The targeted tax code section contains two benefits that the APLU says Congress should retain. One provides an exemption to tuition waivers for university employees and the other exempts tuition reductions for graduate students who serve as teaching or research assistants as part of their academic training without the tuition reductions being counted as taxable income, the APLU letter states.

The provision for the tuition waivers benefits a range of employees, from administrative staff and faculty to maintenance and janitorial staff.

“According to a 2017 survey conducted by the College and University Professional Association for Human Resources, the majority of employees benefitting from the provision are low and middle income,” the APLU letter states. “Fifty percent of recipients of tuition reductions earned $50,000 or less and 78 percent earned $75,000 or less.

“If Section 117 were repealed, taxable income would increase sharply for those receiving tuition benefits thus providing a disincentive for employees to utilize the benefit and advance their career and life prospects.”

Diverse recently launched a series of articles on low-income students who were able to complete college because their parents — members of maintenance and janitorial staffs in each case — worked at colleges that offered tuition waivers for employees.

Regarding the provision that affects graduate students, the APLU notes that public universities “often support graduate students serving essential roles in our nation’s research enterprise with tuition assistance.”

“According to the most recent Department of Education data available, in 2011-12, nearly 55 percent of all graduate students had adjusted gross incomes of $20,000 or less and nearly 87 percent had incomes of $50,000 or less,” the APLU letter states. “During the same period, master’s degree students received an average of $10,949 and Ph.D. students received an average of $13,609 in tuition waivers for serving as research and teaching assistants.”

The APLU says a repeal of the tax code section in question would “lead to a completely unaffordable increase in taxable income and make the pursuit of a graduate degree much more challenging, if not impossible, for a large number of these students.”

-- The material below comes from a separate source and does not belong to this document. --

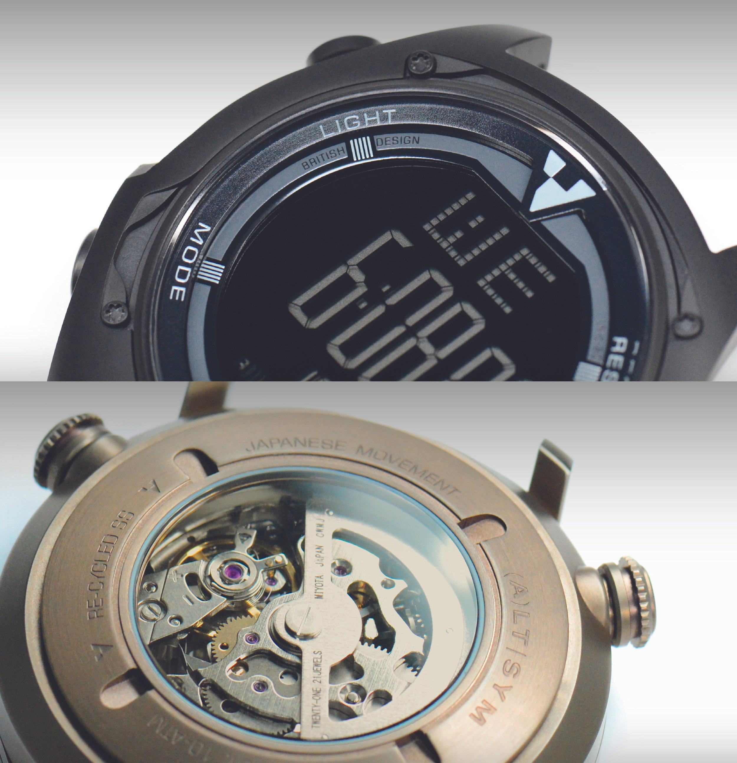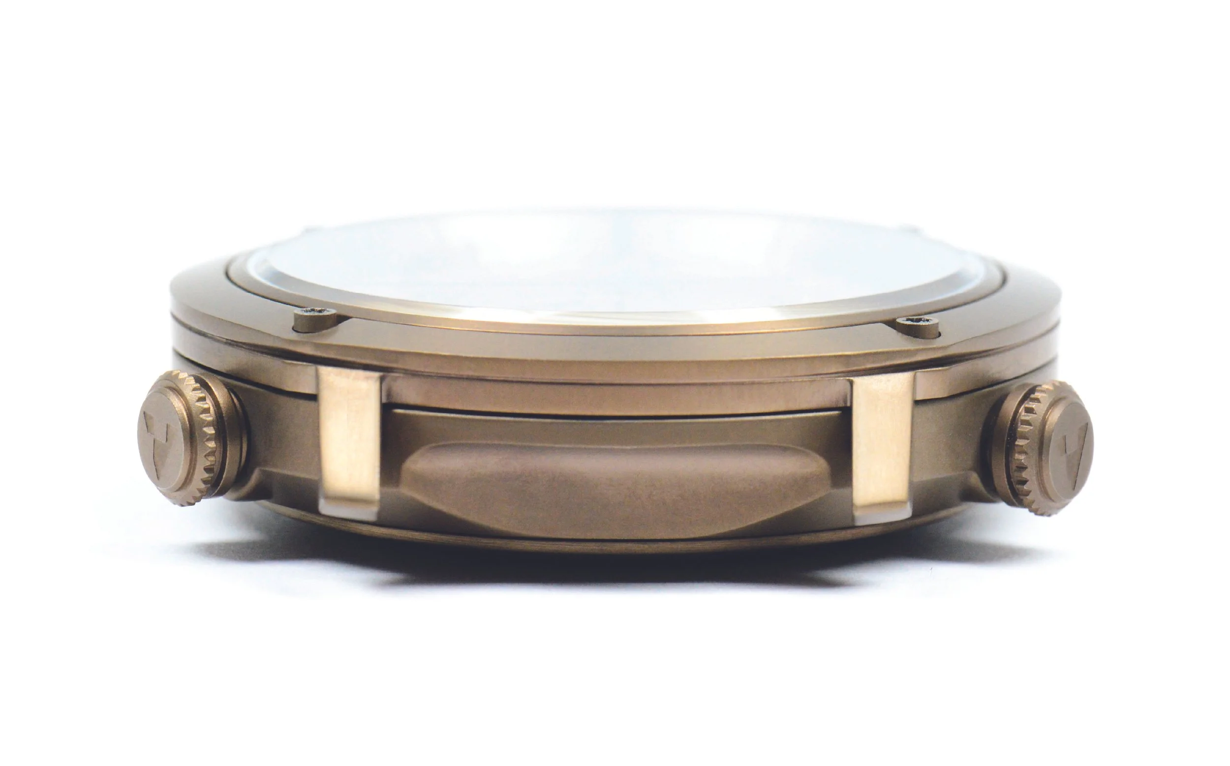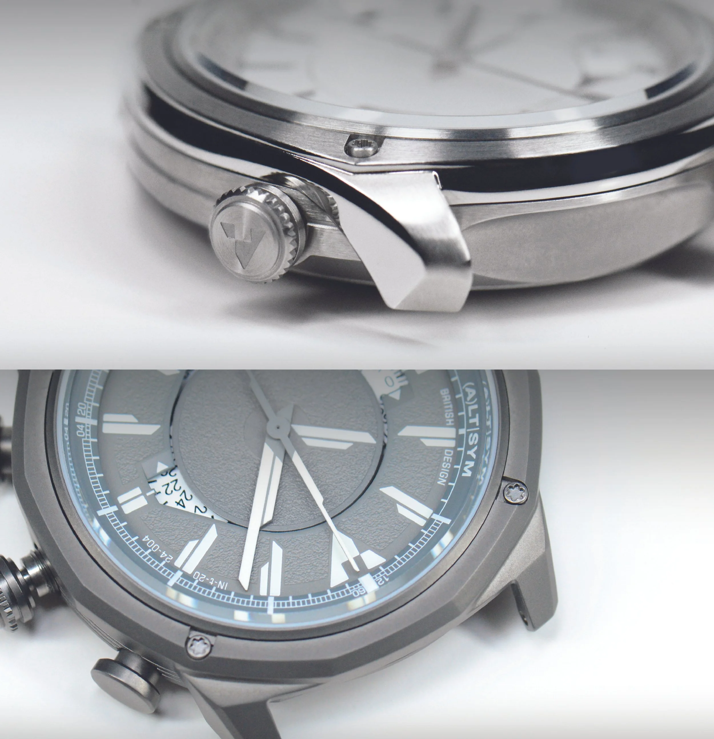 wherever possible, each watch will feature two crowns or similar controls. In this launch collection, one crown operates the movement, the other controls the internal rotating bezel. For the digital model, pushers are placed in the same location to maintain visual consistency. Going forward, expect a functional or aesthetic element to always sit at 4 and 8 o’clock, a defining visual feature that brings symmetry in an unexpected [Alternative] way

“In turn, this would greatly damage our nation’s scientific research enterprise,” the letter states, adding that the research enterprise is “critical for developing the science and technology workforce pipeline that employers need to propel our nation’s economy forward.”

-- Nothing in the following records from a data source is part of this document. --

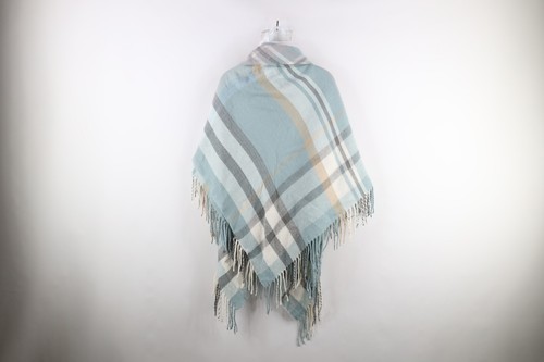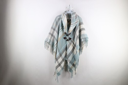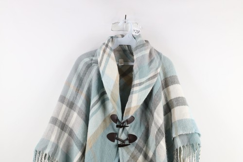 Vintage Streetwear Womens OS Toggle Button Fringed Knit Blanket Poncho Sweater
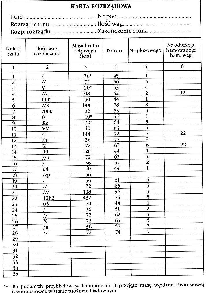 7. Karta rozrządowa służy do powiadamiania pracowników zatrudnionych przy rozrządzie o wielkości i kolejności kierowania odprzęgów na poszczególne tory relacyjne. Ponadto w karcie rozrządowej, poprzez umieszczenie obok odprzęgu właściwego oznacznika należy wskazać szczególne warunku rozrządzania. W nagłówku karty rozrządowej należy wskazać datę, numer pociągu, z którego pochodzi rozrządzany tabor, ilość wagonów, tor z którego dokonuje się rozrządu oraz rozpoczęcie i zakończenie rozrządu.
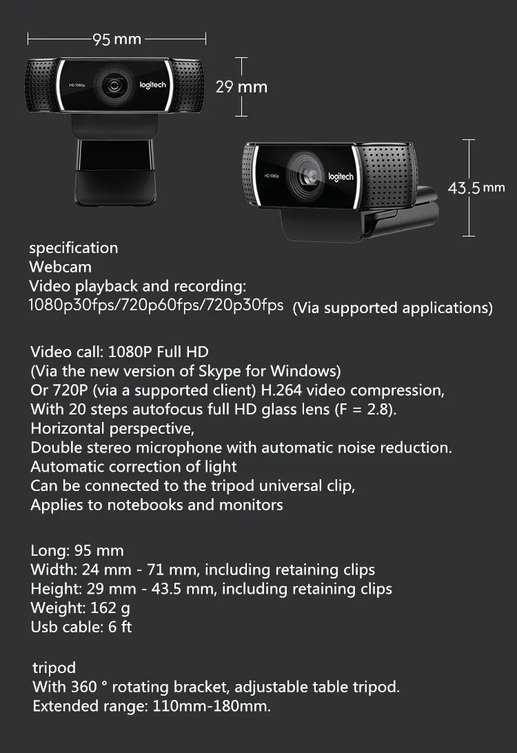 Технические характеристики и детали Спецификация Без фиксированного зажима: Высота x Ширина x глубина: 29 мм x 95 мм x 24 мм С зажимом: Высота x Ширина x глубина: 44 мм x 95 мм x 71 мм Вес (с фиксирующим зажимом и соединительным проводом): 162 грамма Длина линии: 1,8 метра Системные требования Совместимость Windows®7, Windows 8 или Windows 10 Mac OS X 10,9 или более поздних версий Хромовая ОС™ Android™V5.0 или выше Usb-порт Для получения точной информации по системе и требованиям к производительности, пожалуйста, посетите веб-сайт вашего популярного поставщика решений для доставки видео. Технические характеристики Применяется для XSplit OBS Содержимое упаковки продукта Веб-камера
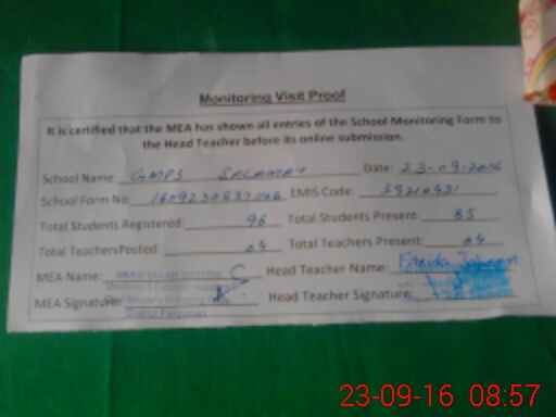 | EMIS Code: 39210431 | Name of School: GMPS CHAK SALAMAT | |||
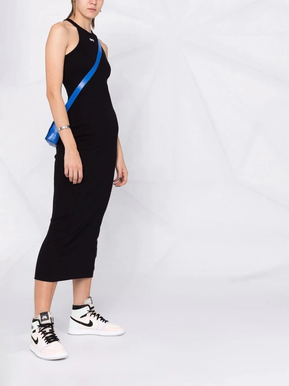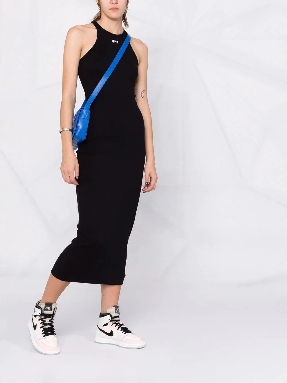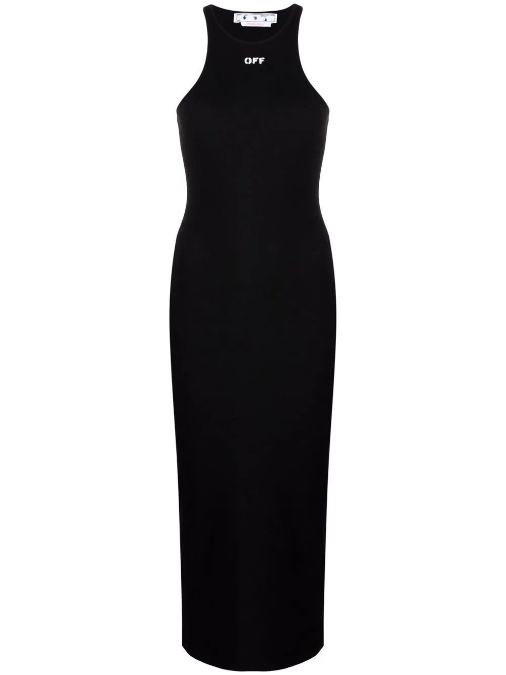 Off-White presents a pared-back look with this ribbed dress. Crafted from a soft stretch cotton, it boasts an understated but instantly recognisable logo print to the front.
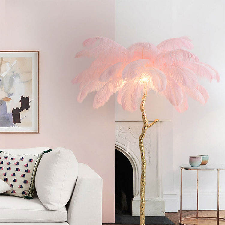 Lampada da terra moderna di lusso personalizzata con LED, decorazione per casa e hotel, illuminazione con supporto in piume di struzzo per l'interior design
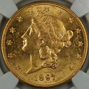 1897-S リバティ 20ドル ダブルイーグル金貨、NGC UNC 詳細(不適切な洗浄)
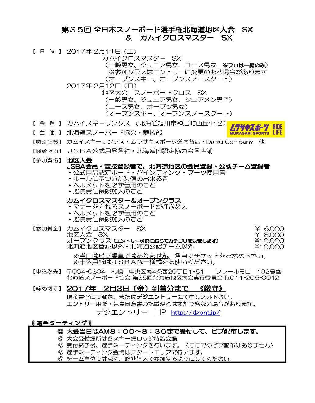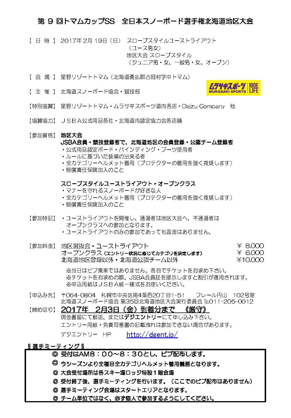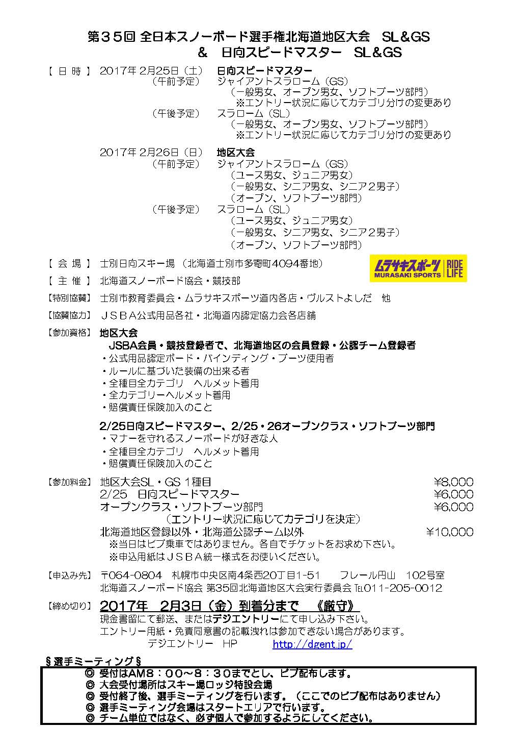 2016〜2017シーズン 北海道スノーボード協会大会カレンダー
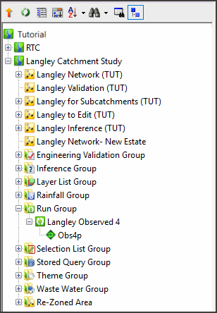(Expand) button to the left of the 'Run Group' and you will see that it now contains the 'Langley Observed 4' run, which in turn contains the 'Obs4p' simulation. The simulation icon is green, indicating that the simulation was completed successfully. This does not mean, however, that the model run has not suffered from any instabilities.
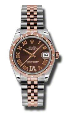 Model: 178341-BRRJ - CASE = [Material:Stainless Steel], [Case Diameter:31], [Bezel:18kt pink gold domed bezel set with 24 diamonds], [Case Back:Solid], [Water Resistant:100 Meters - 330 Feet], [Crystal:Scratch Resistant Sapphire], DIAL = [Color:Copper Roman Numeral], MOVEMENT = [Type:Automatic Self Winding], [Crown:Screw down], BAND = [Clasp:Concealed Crown], [Type:Stainless Steel and 18kt Pink Gold Jubilee], (Usually ships in 1 to 2 weeks.)

The ACE letter notes that the tax bill would repeal the Student Loan Interest Deduction, or SLID.

“Under current law, any individual with income up to $80,000 (or $160,000 on a joint return) repaying student loans can currently deduct up to $2,500 in student loan interest paid,” the letter states, adding that in 2014, some 12 million taxpayers benefited from SLID.

“Eliminating this provision would mean that, over the next decade, the cost of student loans for borrowers would increase by roughly $13 billion.”

The ACE letter states that ACE “cannot support” the tax reform bill and that its members and allies “strongly oppose” the various measures they say would have an adverse effect on higher education.

While lawmakers hammered out details of the bill Monday, officials at APLU and ACE stated late Monday afternoon that they were not aware of any changes that would alter their position.